DATA LISTING:

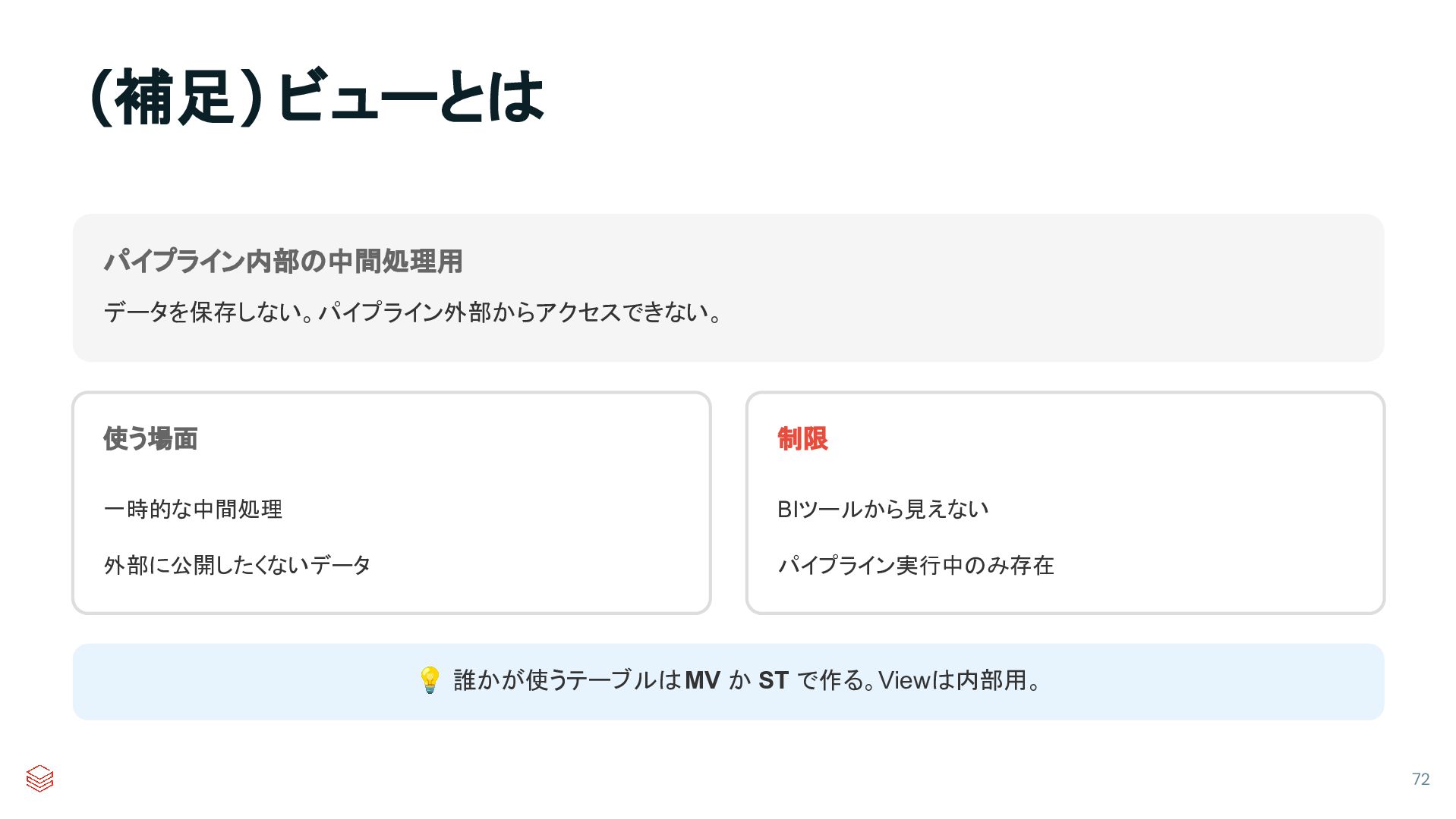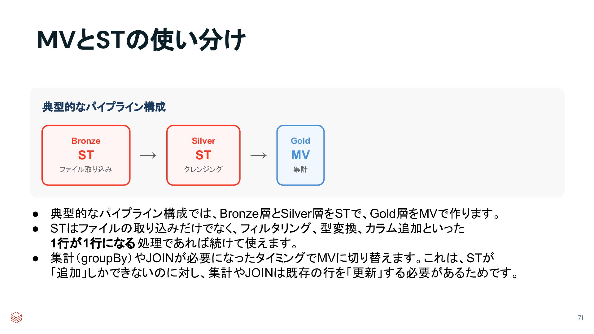 MV 集計 MVとSTの使い分け 71 • 典型的なパイプライン構成では、Bronze層とSilver層をSTで、Gold層をMVで作ります。 • STはファイルの取り込みだけでなく、フィルタリング、型変換、カラム追加といった 1行が1行になる処理であれば続けて使えます。 • 集計(groupBy)やJOINが必要になったタイミングでMVに切り替えます。これは、STが 「追加」しかできないのに対し、集計やJOINは既存の行を「更新」する必要があるためです。
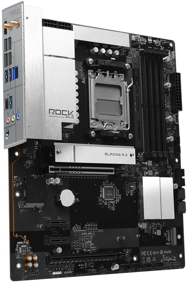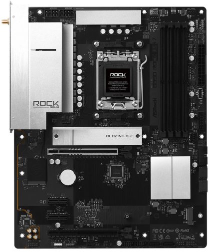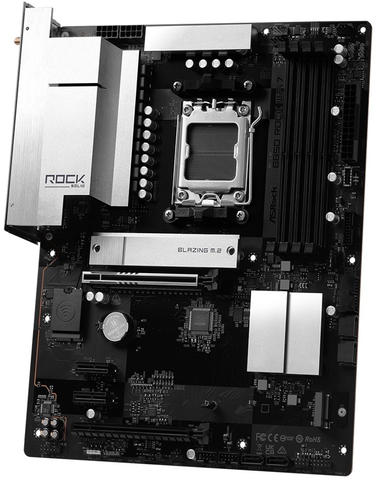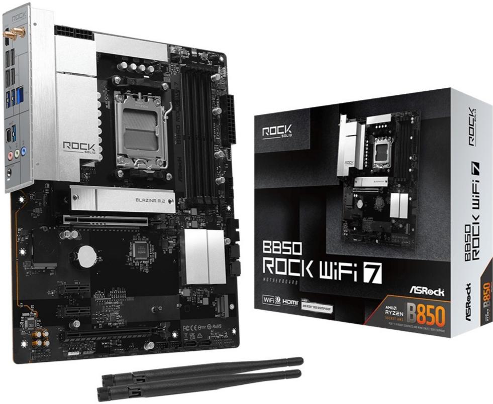 ASRock B850 Rock WiFi 7 — це повнорозмірна материнська плата форм-фактору ATX на чипсеті AMD B850 для процесорів AMD Ryzen серій 9000, 8000 та 7000 у сокеті AM5. Серія Rock поєднує надійну якість і збалансований набір можливостей для роботи, навчання та ігор.
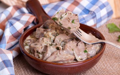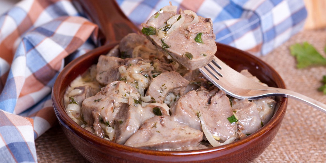 Для реалізації цього рецепту потрібні всього два основні інгредієнти — яловичина і цибуля, і кілька допоміжних, наприклад, сметана, борошно, гірчиця. Кінцевим результатом буде дуже смачна і багата страва.
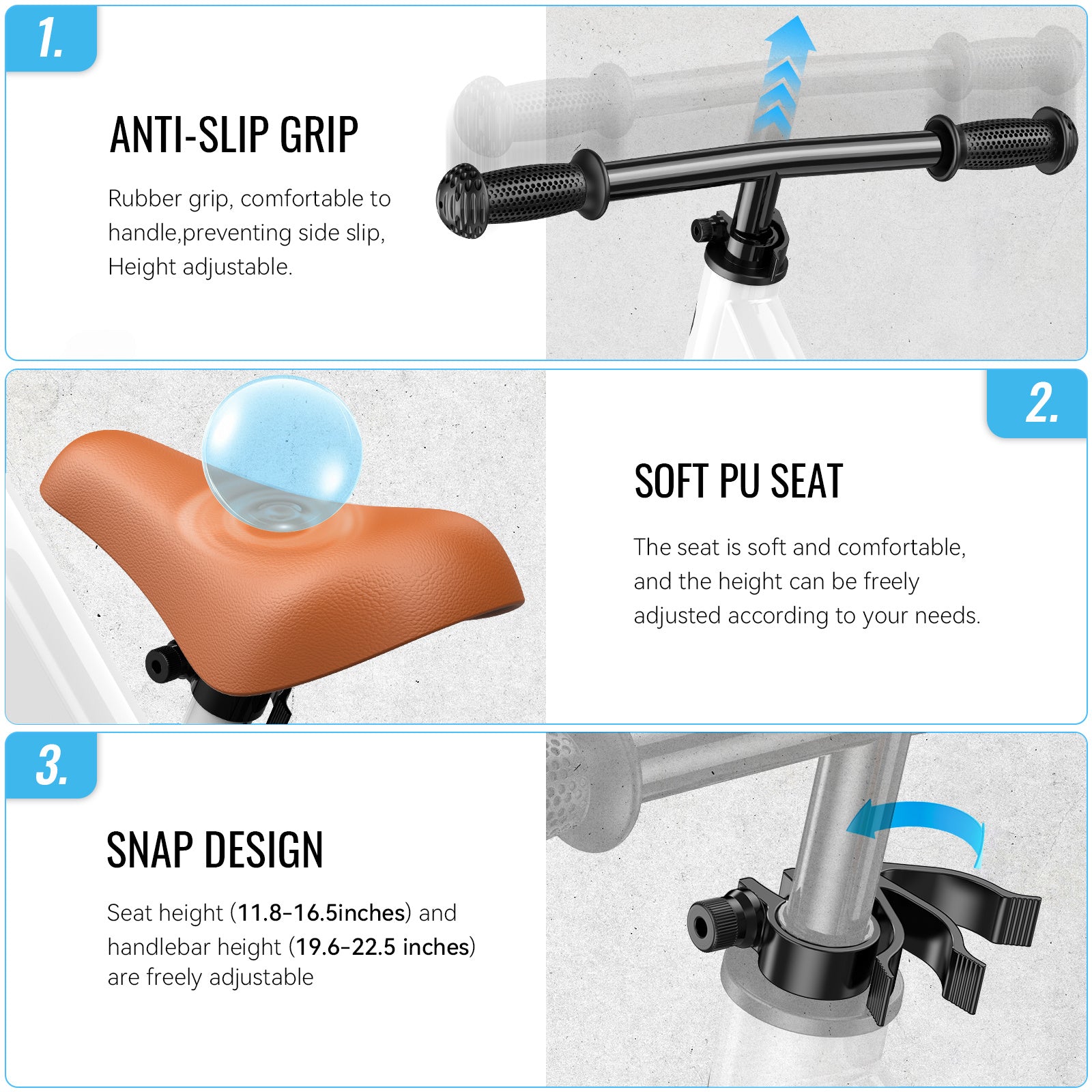 SEREED Balance Bike, 2025 Upgrade Toddler Balance Bike for 2-5 Years Old Boys & Girls, No Pedal Kids Bicycle Toys, Tool-Free Adjustment, Customize Plate with Stickers,
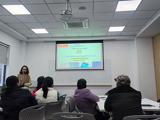 课程伊始,葛秀华副教授以“英语数字”为切入点,通过快速问答、情景对话等方式带领学员回顾上节课内容,帮助大家巩固英文数词的发音与用法。“从‘one’到‘one hundred’,这些数字在日常交易、游客接待中太实用了!”余村商户王大姐边记笔记边感慨。
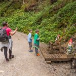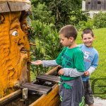 Ezen a napon a Märchenwandermeile meseutat fogjuk végigjárni, szokás szerint korán kelés, reggelizés (ki-ki magának válogatta össze a reggelijét, pl. többféle felvágott és sajt, különböző ízesítésű túrókrém, vaj, tojás, müzli, lekvárok, csokikrém, péksütemény, lehetett pirítani kenyeret, elkészíthettük a saját reggeli italunkat). Egy asztalra elő voltak készítve a “lunch box” kellékei: csomagolópapír, tasak, szalvéta; ebbe csomagoltunk útravalót. A névre szóló Karintia kártyánkat elvettük a recepciós lánytól, 15 perces játszótéri szaladgálás megvolt a gyerekek részéről, irány… Trebesing.
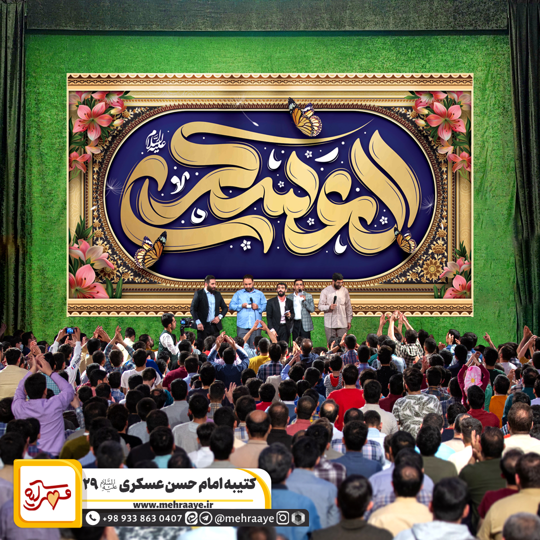 کتیبه پشت منبری «ولادت امام حسن عسکری علیهالسلام ٢٩» مناسب برای ایام ولادت امام حسن عسکری علیهالسلام است که در هیئات و مساجد استفاده می شود. تلفن تماس: 09338630407 - ادمین ایتا: http://eitaa.com/admin_gomnam
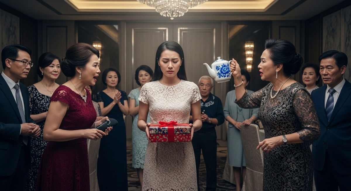 Елена стояла посреди зала, сжимая в руках красивую коробку с подарком. Она чувствовала, как кровь приливает к лицу, а внутри всё сжимается от стыда. На неё смотрели десятки глаз — кто с любопытством, кто с насмешкой. Клавдия тем временем размахивала только что распакованным чайником с синей росписью и театрально закатывала глаза.
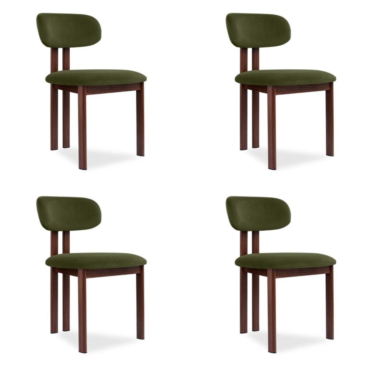 Finnley & Arbor 4 Chairs Dining Set, Walnut & Olive Green Sustainable Velvet
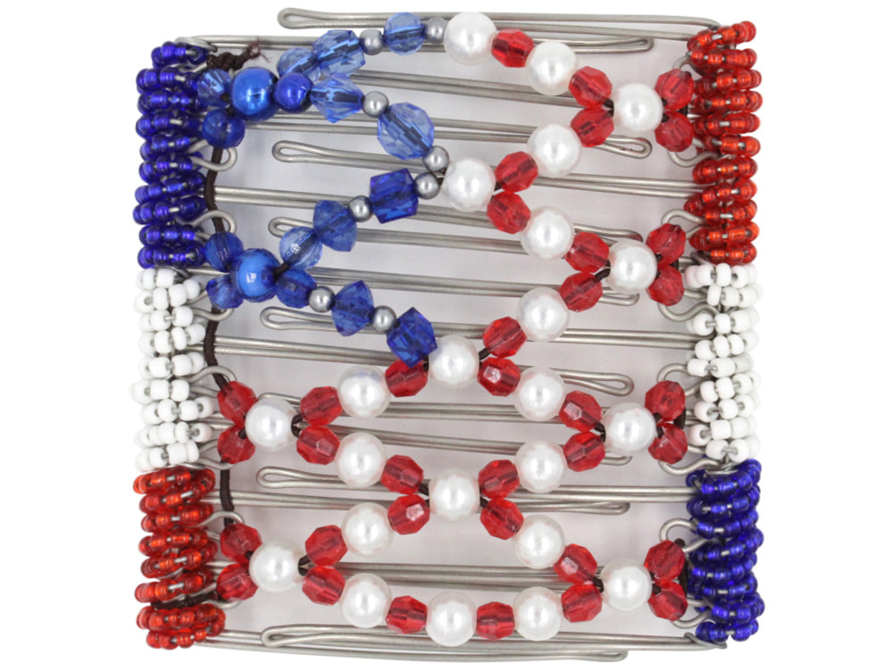 This 9 Tong Wire Hair Clip displays the American flag to celebrate our great country. Wearing this hair clip is one small way to show your patriotism and pay tribute to the men and women who have given their lives while serving in our nation's armed forces. Note: Bead color may have a slight variation from those displayed due to different devices.
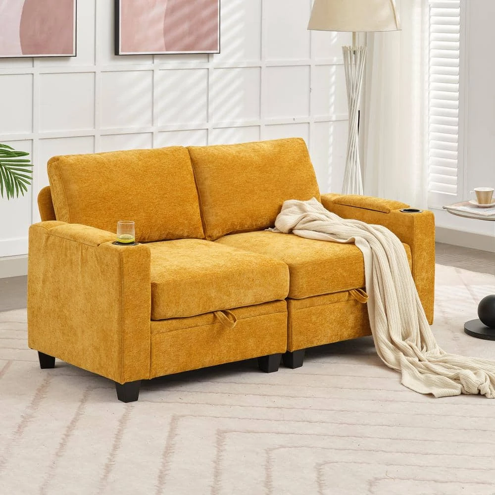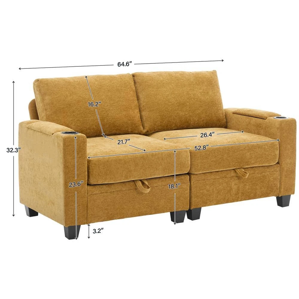 Modern 64.6 In Yellow Chenille Storage Loveseat With Cup Holder And Ottoman For Living
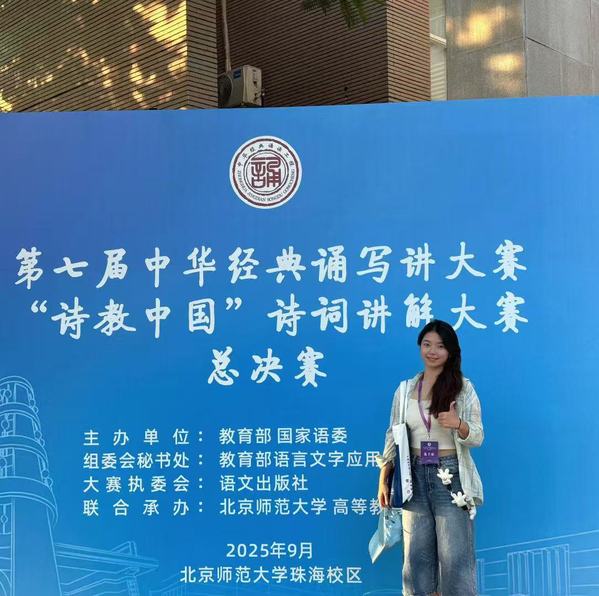 近日,第七届中华经典诵写讲大赛“诗教中国”诗词讲解大赛全国总决赛圆满落幕。我校教育学院学前教育专业卢文文同学,在李佳颖老师的悉心指导下,历经层层严苛选拔,荣获全国总决赛二等奖。
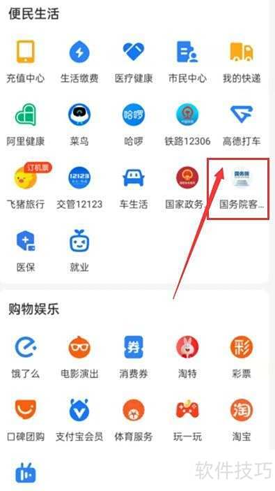 1、 进入支付宝后,点击国务院客户端即可打开。

YOUR INSTRUCTIONS:
Your reply should consist of the data, transcribed exactly, and should hold no pictures.

EXERCISE OUTPUT:
 MV 集計 MVとSTの使い分け 71 • 典型的なパイプライン構成では、Bronze層とSilver層をSTで、Gold層をMVで作ります。 • STはファイルの取り込みだけでなく、フィルタリング、型変換、カラム追加といった 1行が1行になる処理であれば続けて使えます。 • 集計(groupBy)やJOINが必要になったタイミングでMVに切り替えます。これは、STが 「追加」しかできないのに対し、集計やJOINは既存の行を「更新」する必要があるためです。
 ASRock B850 Rock WiFi 7 — це повнорозмірна материнська плата форм-фактору ATX на чипсеті AMD B850 для процесорів AMD Ryzen серій 9000, 8000 та 7000 у сокеті AM5. Серія Rock поєднує надійну якість і збалансований набір можливостей для роботи, навчання та ігор.
 Для реалізації цього рецепту потрібні всього два основні інгредієнти — яловичина і цибуля, і кілька допоміжних, наприклад, сметана, борошно, гірчиця. Кінцевим результатом буде дуже смачна і багата страва.
 SEREED Balance Bike, 2025 Upgrade Toddler Balance Bike for 2-5 Years Old Boys & Girls, No Pedal Kids Bicycle Toys, Tool-Free Adjustment, Customize Plate with Stickers,
 课程伊始,葛秀华副教授以“英语数字”为切入点,通过快速问答、情景对话等方式带领学员回顾上节课内容,帮助大家巩固英文数词的发音与用法。“从‘one’到‘one hundred’,这些数字在日常交易、游客接待中太实用了!”余村商户王大姐边记笔记边感慨。
 Ezen a napon a Märchenwandermeile meseutat fogjuk végigjárni, szokás szerint korán kelés, reggelizés (ki-ki magának válogatta össze a reggelijét, pl. többféle felvágott és sajt, különböző ízesítésű túrókrém, vaj, tojás, müzli, lekvárok, csokikrém, péksütemény, lehetett pirítani kenyeret, elkészíthettük a saját reggeli italunkat). Egy asztalra elő voltak készítve a “lunch box” kellékei: csomagolópapír, tasak, szalvéta; ebbe csomagoltunk útravalót. A névre szóló Karintia kártyánkat elvettük a recepciós lánytól, 15 perces játszótéri szaladgálás megvolt a gyerekek részéről, irány… Trebesing.
 کتیبه پشت منبری «ولادت امام حسن عسکری علیهالسلام ٢٩» مناسب برای ایام ولادت امام حسن عسکری علیهالسلام است که در هیئات و مساجد استفاده می شود. تلفن تماس: 09338630407 - ادمین ایتا: http://eitaa.com/admin_gomnam
 Елена стояла посреди зала, сжимая в руках красивую коробку с подарком. Она чувствовала, как кровь приливает к лицу, а внутри всё сжимается от стыда. На неё смотрели десятки глаз — кто с любопытством, кто с насмешкой. Клавдия тем временем размахивала только что распакованным чайником с синей росписью и театрально закатывала глаза.
 Finnley & Arbor 4 Chairs Dining Set, Walnut & Olive Green Sustainable Velvet
 This 9 Tong Wire Hair Clip displays the American flag to celebrate our great country. Wearing this hair clip is one small way to show your patriotism and pay tribute to the men and women who have given their lives while serving in our nation's armed forces. Note: Bead color may have a slight variation from those displayed due to different devices.
 Modern 64.6 In Yellow Chenille Storage Loveseat With Cup Holder And Ottoman For Living
 近日,第七届中华经典诵写讲大赛“诗教中国”诗词讲解大赛全国总决赛圆满落幕。我校教育学院学前教育专业卢文文同学,在李佳颖老师的悉心指导下,历经层层严苛选拔,荣获全国总决赛二等奖。
 1、 进入支付宝后,点击国务院客户端即可打开。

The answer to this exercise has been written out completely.